Brandy’s memoir is a truly impressive milestone in her writing career: it tells—with passion, candor, and insights—of the interwoven stories of the personal, the historical, and the political, from the intersections between war and culture, race and selfhood, artistry and structures of feeling, and memory and imagination.
What Doesn’t Kill Us is also a book of courage, resilience, trauma, and, to use a title from David Wong Louie’s stories, “pangs of love.” Brandy’s memoir has been published by the Rabbit Fool Press, a family owned and operated publishing company based in Vancouver, of which she is the editor.
Prior to Brandy’s publication of this memoir, she had already put out eight collections of poetry, and served as editor of numerous magazines, journals, and anthologies, most notably as the associate editor of Amerasia Journal, the leading journal on Asian American Studies in the country from 2002 to 2005. Brandy received an MFA degree in creative writing from the University of British Columbia in 2012.

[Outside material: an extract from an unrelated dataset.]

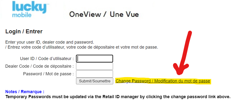 Click ‘Change Password / Modification du mot de passe’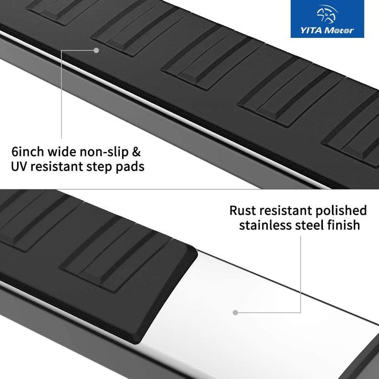 - GREAT QUALITY - Our running boards are made of the finest stainless steel material, which is sturdy, durable, wear-resistant and rust-resistant. After repeated tests, it can resist the corrosion of salt spray, and resist ultraviolet radiation without discoloration.

I came to know Brandy in 1999, when she entered UCLA’s Asian American Studies graduate program as a first-year student. I was given the assignment of serving as her interim advisor. It was a temporary faculty role designed to assist new graduate students in familiarizing themselves with UCLA’s campus culture and the rhythms of UCLA academic life. And I was immediately struck by Brandy’s exceptional excellence as a young scholar, especially her intellectual energy and curiosity, her ability to engage in critical thinking and analysis, and, above all, her evident creative promise and artistic bent. To my great delight, Brandy eventually found her way to working with Professor Thu-Huong Nguyen-Vo, and, under the guidance of her, Professor Valerie Matsumoto, Professor Shu-mei Shih, and Professor Russell Leong, completed an impressive Master’s thesis titled “Feeling Implied: the Uncanny World of Hapa Writers and Their Families.”

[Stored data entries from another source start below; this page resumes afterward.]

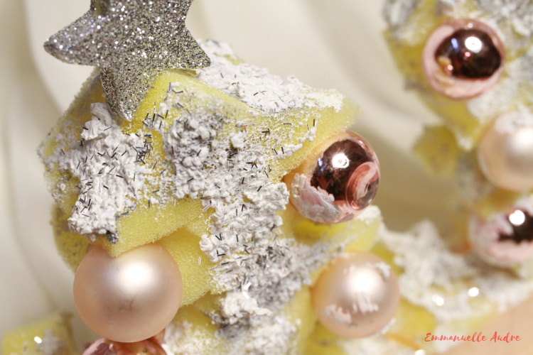 Projekt „Trzy choinki z gąbek z różowymi bombkami, srebrnymi gwiazdkami, brokatem i śniegiem”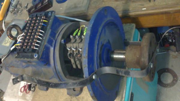 Сперва просто убедился в работоспособности самого мотора- накоротко замкнул выводы щеточных колец ротора, и подал трехфазное напряжение с частотника на статорные обмотки, соединенные в треугольник. Мотор плавно, с характерным низким звуком работающего крана, запустился и стал набирать обороты. Потом несколько видоизменил выходные соединения- три фазы с ротора направил сперва на выпрямитель, а потом уже, после выпрямления, замкнул накоротко амперметром постоянного тока. Мотор запустился и работал без изменений.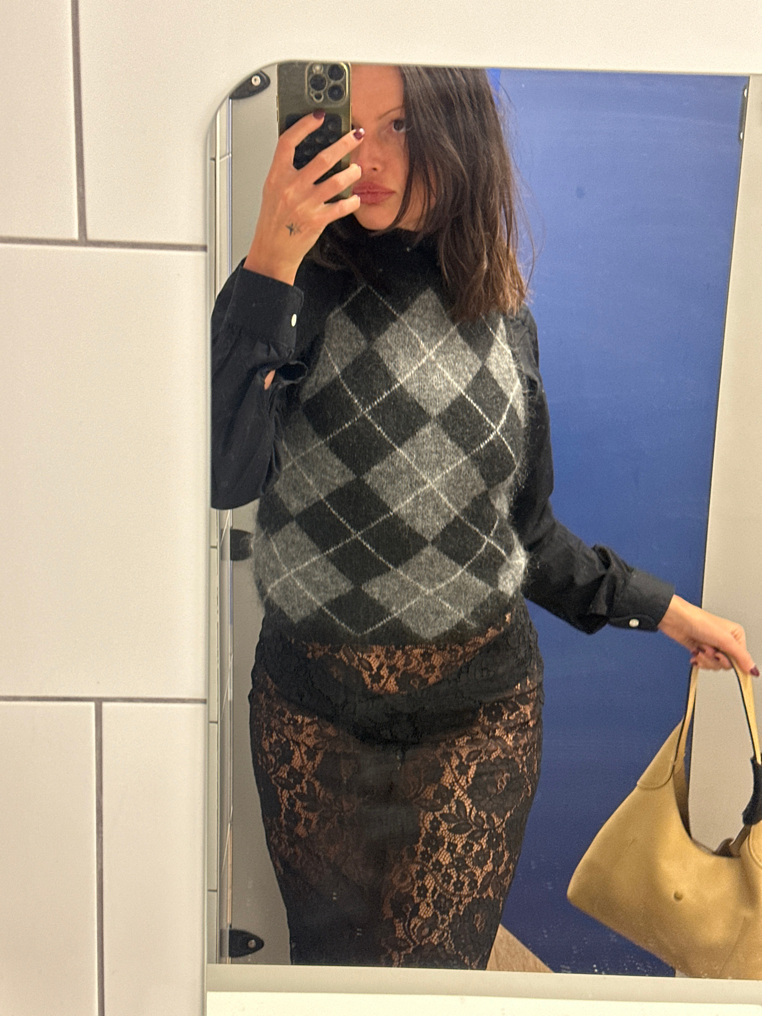 A woman is taking a selfie in a restroom mirror. She is wearing a black long-sleeved shirt, a gray and black argyle sweater vest, and a black lace skirt. She is holding a tan purse. The background inc…read more

In 2003, Brandy published an important piece in Amerasia Journal, in which she gave a fascinating account of her own family—her white Vietnam vet father, her Vietnamese immigrant mother, and her biracial self growing up in a rural Pennsylvania Dutch community. As Professor Nguyen-Vo observes in her introduction to that piece, Brandy does not use the occasion just to talk about her own ethnic identity, or to explore a vague sense of exilic displacement, or to reflect on the ambiguities of her cross-cultural heritages. Rather, she unveils in in that piece of writing the distance traversed by many Vietnamese immigrants, one that stretches itself between Vietnam and the US, between Long An and Mifflintown, between outsider and insider in American society, and between enemy and family in people’s imagination.
I consider Professor Nguyen-Vo’s comment on Brandy’s 2003 piece a useful background for our appreciation for Brandy’s memoirs, which is for me also fundamentally concerned with an odyssey that the she continues to embark on, to make sense of, and to triumph over—socially, historically, and emotionally.